Questa volta Chester è uscito dall'ospedale, hanno scoperto che si
tratta di una rognosissima ernia iatale per niente facile da curare me
comunque curabile e qua iniziano i veri problemi perchè fra il video da
registrare -con Chez che non fa play back nemmeno a costringerlo- e
l'inizio del tour, le cose per uno che sta male e non tiene niente
nello stomaco vomitando di continuo, non sono facili. Il prossimo
capitolo lo pubblico sabato e mostrerà un Mike disperato prendere una
decisione drastica. Buona lettura. Baci Akane*
CAPITOLO 2:
SEMPRE PIU’ GIU’
La musica
ripartì per l’ennesima volta e per l’ennesima volta, dopo qualche giro
di strumenti, dovette interrompersi con un secco ‘merda’ di uno dei due
cantanti che corse via dal set del video di Numb per rifugiarsi in
quello che ultimamente era diventato la sua seconda casa… il bagno!
Il regista
stufo gridò lo stop e fermò le riprese, la musica cessò e con lo
sguardo esasperato cercò Mike che capì ed andò sulla scia di Chester.

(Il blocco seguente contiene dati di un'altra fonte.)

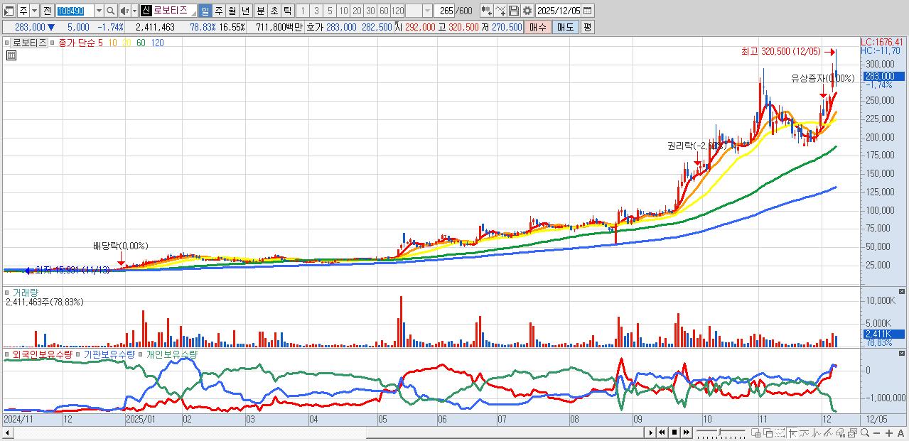 - 로보티즈 (283,000원 ▼ -1.74% , 시총: 41,233억, 거래량: 2,411,463, 거래대금:7,118억)

Non servì dire nulla ma era ovvio cosa pensasse. A Mike dispiaceva che
il regista volesse fare a meno di Chester e rimpiazzarlo con un play
back ma se anche lui non era d’accordo e voleva cantare nonostante
fosse solo un video, non l’avrebbe mai autorizzato. Anche perché far
fare qualcosa a Chester contro la sua volontà non era possibile.
Raggiuntolo al
bagno aperto, lo vide riverso nella tazza del water a vomitare e
gridare insieme per il dolore acuto che aveva.
Quell’ernia
iatale era decisamente un gran fastidio.
Mike increspò
la fronte preoccupato, quanto sarebbe andato avanti così?
Se mangiava
buttava fuori tutto nel giro di subito, se non mangiava vomitava
comunque la bile, dimagriva a vista d’occhio e a parte il discorso
delle nausee continue soffriva tantissimo e lui era uno che solitamente
sopportava tutto.
Sospirò e si
avvicinò chinandosi sul compagno, gli toccò la schiena e leggero
cominciò a carezzarla in una sorta di massaggio circolare che doveva
rilassarlo.
Chester era
tutto teso come una corda di violino, gridava ad ogni sforzo e
stringeva la tazza su cui aveva immerso la faccia come se fosse il
nemico. Non era niente di lui.
Quando parve
finire si alzò ma rimase in ginocchio per terra, Mike si accucciò e con
un asciugamano bagnato gli passò il viso ripulendoglielo, glielo lasciò
premuto sulla fronte e sugli occhi per dargli un po’ di sollievo.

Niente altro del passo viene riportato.